The M1128 "Insensitive Munition High Explosive Base Burn Projectile" is a 155 mm boosted artillery round designed to achieve a maximum range of 30–40 km. It is used for fragmentation and blast effect against personnel and/or materiel. The development of this round follows testing of (and is based on aspects of) boosted M795-series test projectiles. The M1128 is not yet in production, but the first successful test firings have already taken place.

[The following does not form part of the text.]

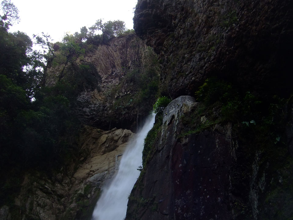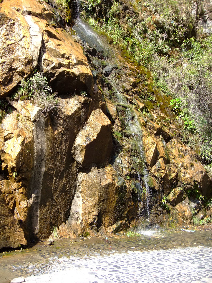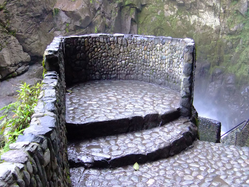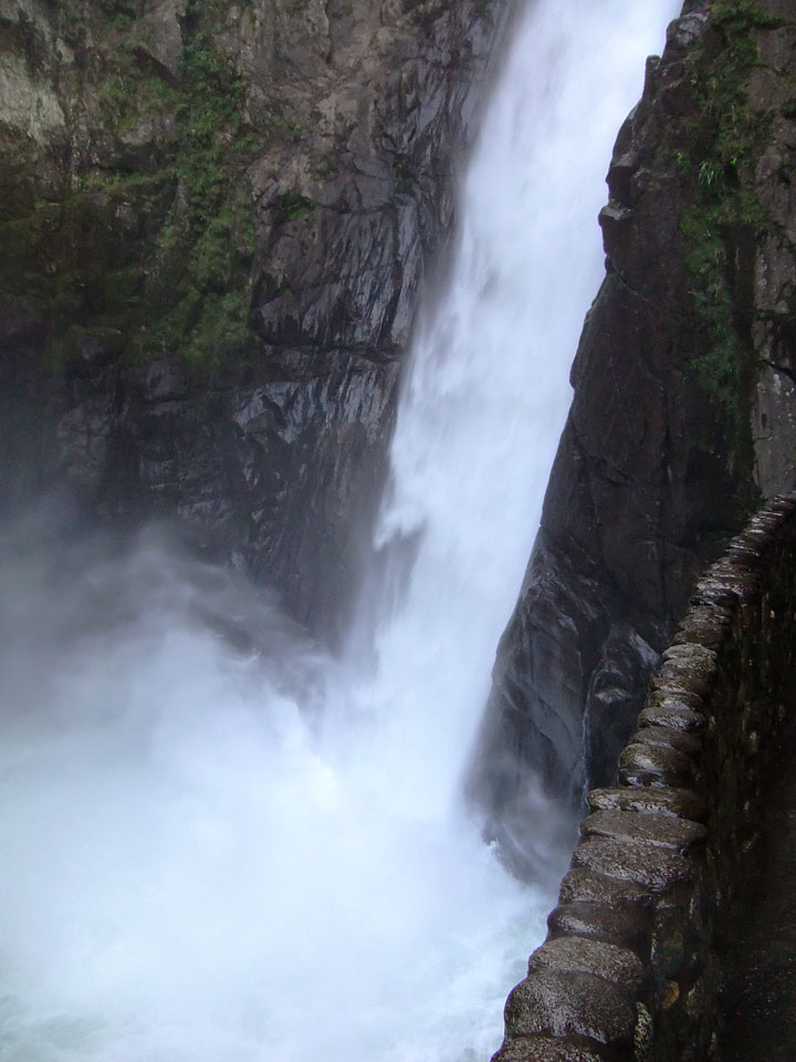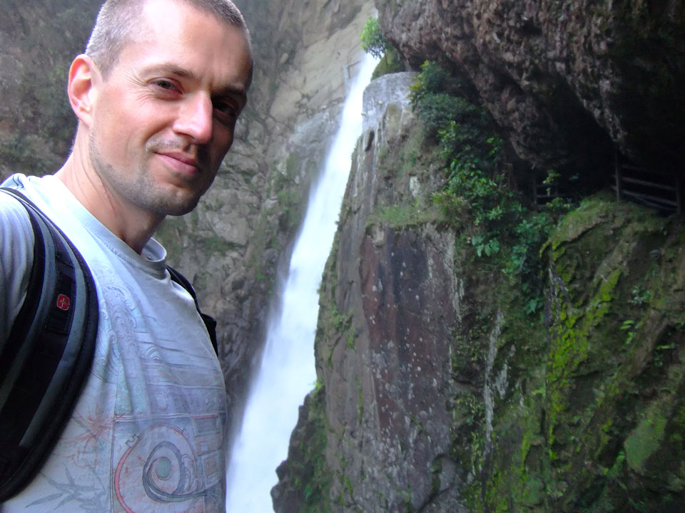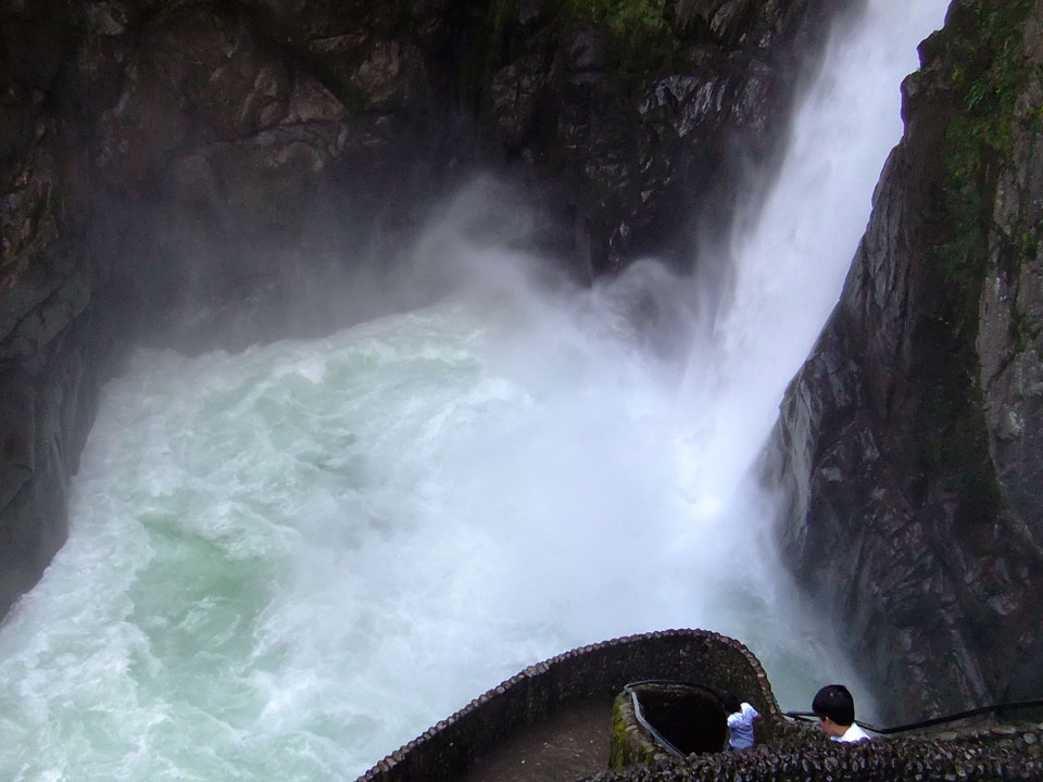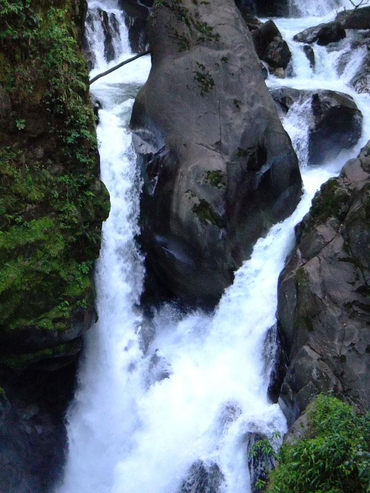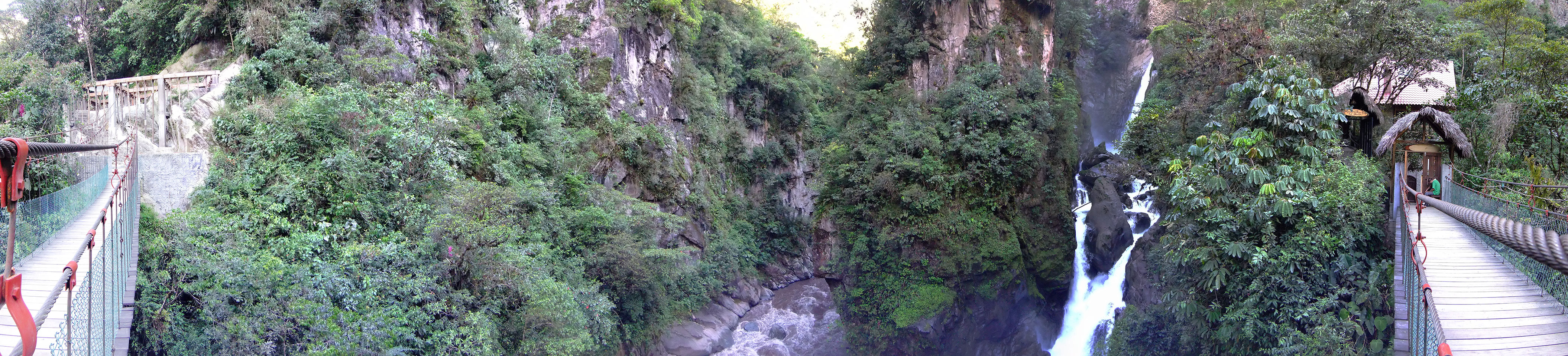 Ich kam dann zum Wasserfall. Für $1.50 rein. Beeindruckend viel Wasser platschte herunter und mit der Nähe war auch viel Wasser in der Luft. Ich kroch noch einen Miniweg weiter hoch, wo es noch nasser und näher am Wasserfall war. Man konnte ihn quasi mit der Hand berühren. Ohne wasserdichte Camera beschränkte ich die Zeit da oben, war happy und fuhr mit einem Pickup-Truck für die Radler wieder zurück nach Baños.

The M1128 is expected to be compatible with a nose-mounted guidance system—specifically, the XM1156 Precision Guidance Kit, which fits the standard fuse threading common to several types of rounds.

==Development==
The design program for the M1128 was established in FY2011 with the stated purpose of addressing USMC requirements for artillery ammunition capable of 30–40 km range. It is also designed for improved accuracy. It carries a larger payload than the aging M549 Extended Range Projectile or ERP, which is the previous boosted round the M1128 is designed to replace. The M1128's range of 30 km far exceeds conventional (non-boosted) artillery rounds such as the M107 projectile which has a 17 km range.

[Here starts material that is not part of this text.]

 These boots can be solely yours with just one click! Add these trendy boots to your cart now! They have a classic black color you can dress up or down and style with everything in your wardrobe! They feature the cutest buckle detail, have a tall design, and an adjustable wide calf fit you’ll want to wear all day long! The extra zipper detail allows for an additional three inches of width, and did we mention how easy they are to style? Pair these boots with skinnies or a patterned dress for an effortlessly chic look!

The Army is currently in the process of adopting the USMC requirement for the M1128. Once approved, the plan for the M1128 is to enter the Engineering & Manufacturing Development Phase in the acquisition process as a fully funded program. Tooling and processes have been developed and the initial production batch has been delivered to the proving grounds for testing by USMC resources.

==Details==
The M1128 follows (and is based on) production and test articles from the boosted M795-series rounds—specifically the M795E1 and M795E2.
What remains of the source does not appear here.